Throughout history, the most successful liberation and democratic movements have been those anchored in collective leadership and robust systems. In contrast, the contemporary Zimbabwean opposition has increasingly elevated personal loyalty above institutional development.

​Your supporters have been conditioned to identify the entire democratic struggle with you as an individual. When the movement is personalised to this extent, the organisation itself begins to atrophy. Internal debate is silenced because to question your strategy is interpreted as an attack on the struggle itself.

We must confront the haunting question that now hangs over your legacy: how did a movement capable of filling massive stadiums from Chipinge to Chirundu, a movement that commands the passionate loyalty of millions, become utterly incapable of defending itself from organisational collapse? The answer lies in the tragic reality that while you built a massive following, you failed to build a resilient organisation.

​The Failure To Build Institutions

​You possess an undeniable, generational talent for political mobilisation. Your charisma is electric, your oratory can stir the dead, and your ability to connect with the ordinary vendor on the streets of Harare is unmatched. Yet, political history teaches us that sustainable movements are built on systems, not sentiment.

You have consistently excelled at the glamorous work of rallies, campaigns, and international media appearances, but you have struggled with the less glamorous, tedious work of institution building.
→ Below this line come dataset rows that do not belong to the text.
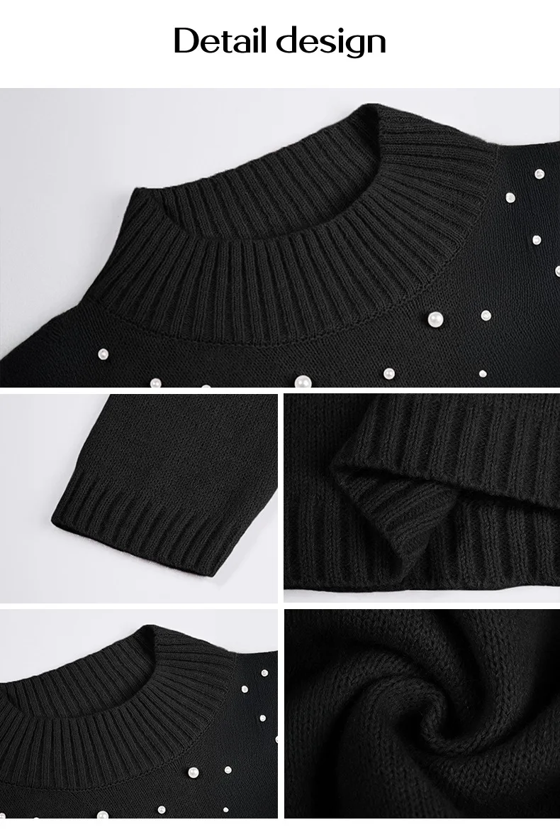 2025 Autumn Women Sweater Dresses Pearls Round Neck Long Sleeve Hip Wrap Dress Winter Elegant Ladies Casual Solid Slim Fit Dress
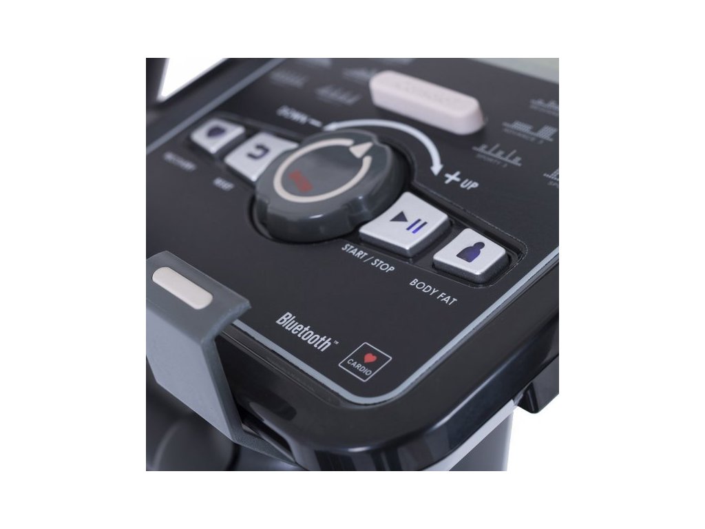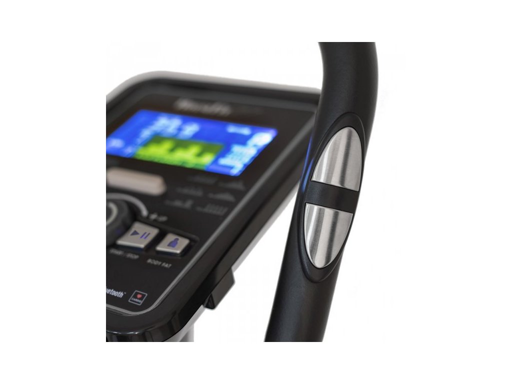 - meranie tepovej frekvencie senzormi na madlách, alebo bezdrôtovo hrudným pásom (pás je možné prípadne dokúpiť, nie je súčasťou stroja)
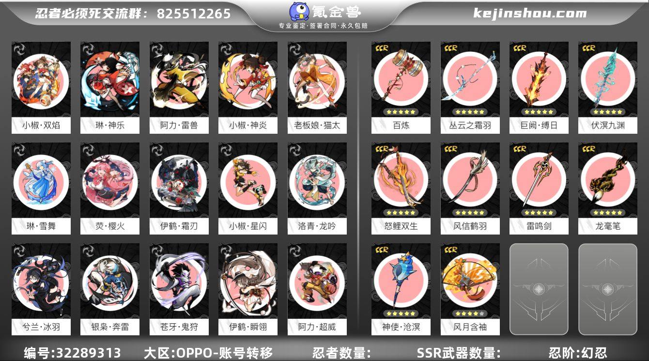 忍阶:幻忍 阿力·超威,阿力·雷兽,苍牙·绯斩,苍牙·鬼狩,隼白·夜叉,老板娘·猫太,洛青·龙吟,琳·神乐,琳·雪舞,小椒·双焰,卫鲤·剑心,小黑·龙焰,小黑·炎魂,小椒·神炎,小椒·星闪,兮兰·冰羽,伊鹤·瞬翎,伊鹤·霜刃,荧·樱火,银枭·奔雷 五星百炼,五星丛云之霜羽,五星巨阙·缚日,五星伏溟九渊,五星怒鲤双生,五星风信鹤羽,五星雷鸣剑,五星龙毫笔,五星神使·沧溟,四星风月含袖 卖家说:有永久忍界契约,二区有号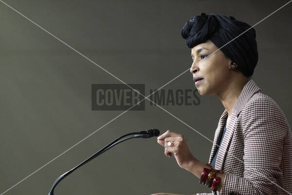 United States Representative Ilhan Omar (Democrat of Minnesota) makes a statement during a Congressional Progressive Caucus press conference calling for the repeal of the Alien Enemies Act in the US Capitol in Washington
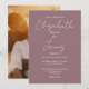 Having your Mauve Minimalist Script Photo Wedding Invitation match the theme of your party is a great detail that your guests will appreciate. The thoughtfulness of a consistent party theme is often appreciated and can show your guests that you can host a cohesive event.

​A political party requires a predictable constitution, verifiable membership systems, decentralised power structures, and a clear leadership pipeline. Without these elements, a party is merely a crowd, and a crowd cannot defeat a deeply entrenched, militarised state.

When you abandon the boring work of administrative governance within your own movement, you leave it vulnerable to infiltration, manipulation, and structural decay. Sustainable political movements are always built on durable systems rather than fleeting public sentiment.

​The 2018 Election And Its Lessons

​The 2018 harmonised election demonstrated both the heights of your appeal and the depths of your organisational limitations. The campaign was infused with an intoxicating energy, as you re-energised a tired electorate and pushed the ruling party to the absolute brink.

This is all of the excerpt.